*Problem to solve*. Copy out each line of the material exactly. Pictures do not belong in the copy.

*Collected data*.
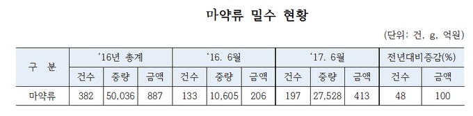 관세청은 올해 상반기 마약류 밀수동향의 주요 특징으로 국내에서 남용되는 대표적인 마약류인 필로폰 압수량이 지난해 동기대비 105% 증가하는 것을 꼽았다. 또 과거에는 필로폰이 주로 중국에서 밀수됐지만 최근에는 미국, 대만, 태국 등으로 다변화되고 있다고 밝혔다.
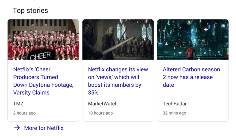 157- جعبه اخبار برتر (Top Stories): برخی جستجوها، بهویژه آنهایی که مربوط به اخبار روز هستند، باعث نمایش یک بخش ویژه به نام “اخبار برتر” در نتایج گوگل میشوند.
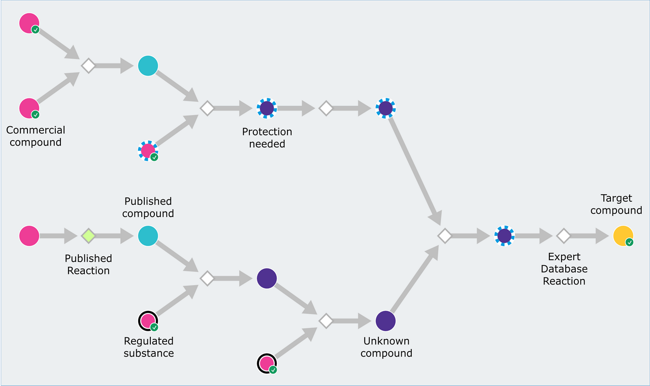 Accessibility icons label target, commercial, published, and unknown compounds for increased visibility.
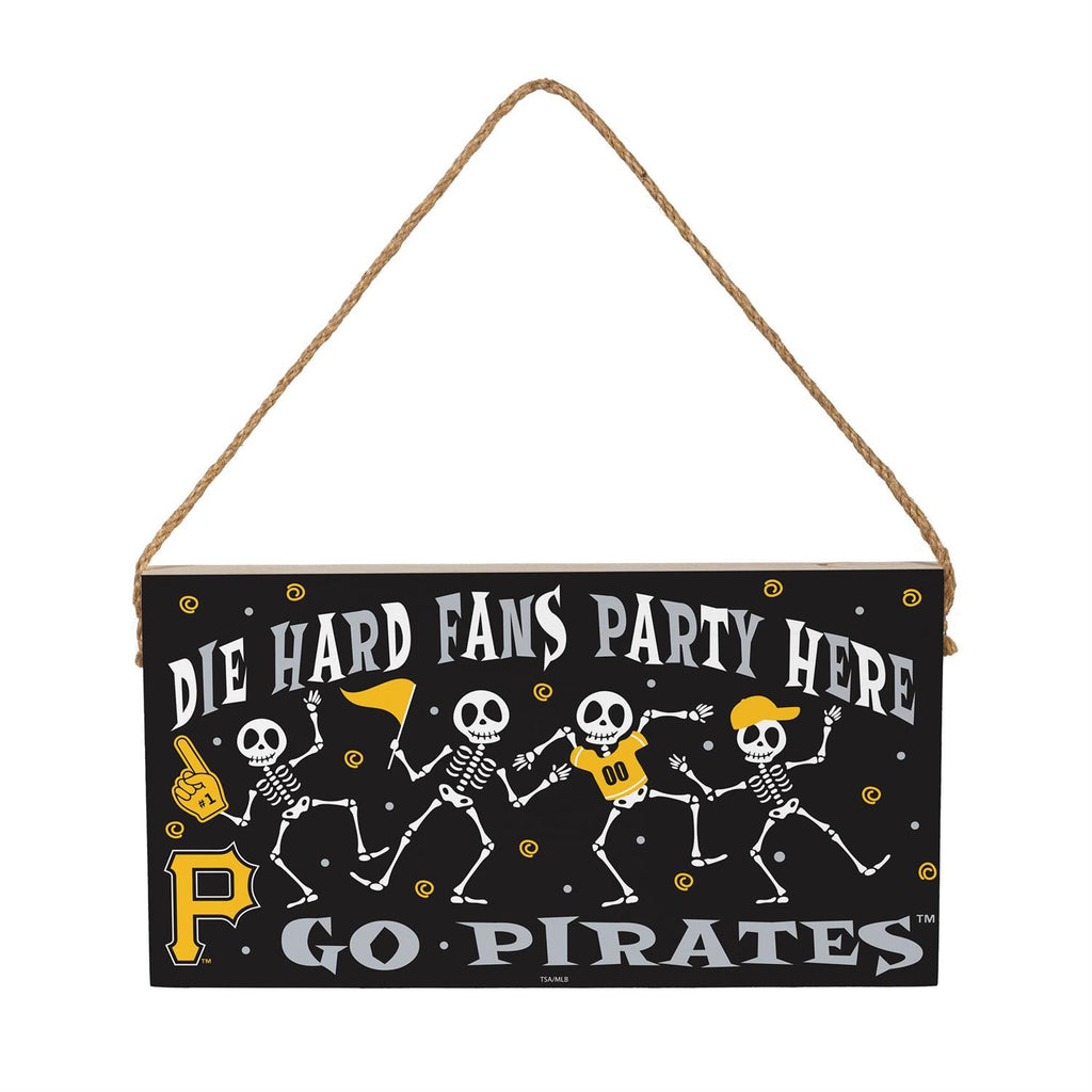 Celebrate your love for the Pittsburgh Pirates with this festive Halloween wood wall sign. Perfect for adding a spooky, team-spirited touch to your home, this 6x11 sign features playful skeletons and bold lettering that reads "Die Hard Fans Party Here." Made from durable wood, it is designed to last through many seasons of Halloween parties and game day celebrations. The rustic rope hanger makes it easy to display on any wall or door, ensuring your Halloween décor is both stylish and team-focused. Show off your Pirates pride with this unique seasonal accent.

*Solution for this task*.
 관세청은 올해 상반기 마약류 밀수동향의 주요 특징으로 국내에서 남용되는 대표적인 마약류인 필로폰 압수량이 지난해 동기대비 105% 증가하는 것을 꼽았다. 또 과거에는 필로폰이 주로 중국에서 밀수됐지만 최근에는 미국, 대만, 태국 등으로 다변화되고 있다고 밝혔다.
 157- جعبه اخبار برتر (Top Stories): برخی جستجوها، بهویژه آنهایی که مربوط به اخبار روز هستند، باعث نمایش یک بخش ویژه به نام “اخبار برتر” در نتایج گوگل میشوند.
 Accessibility icons label target, commercial, published, and unknown compounds for increased visibility.
 Celebrate your love for the Pittsburgh Pirates with this festive Halloween wood wall sign. Perfect for adding a spooky, team-spirited touch to your home, this 6x11 sign features playful skeletons and bold lettering that reads "Die Hard Fans Party Here." Made from durable wood, it is designed to last through many seasons of Halloween parties and game day celebrations. The rustic rope hanger makes it easy to display on any wall or door, ensuring your Halloween décor is both stylish and team-focused. Show off your Pirates pride with this unique seasonal accent.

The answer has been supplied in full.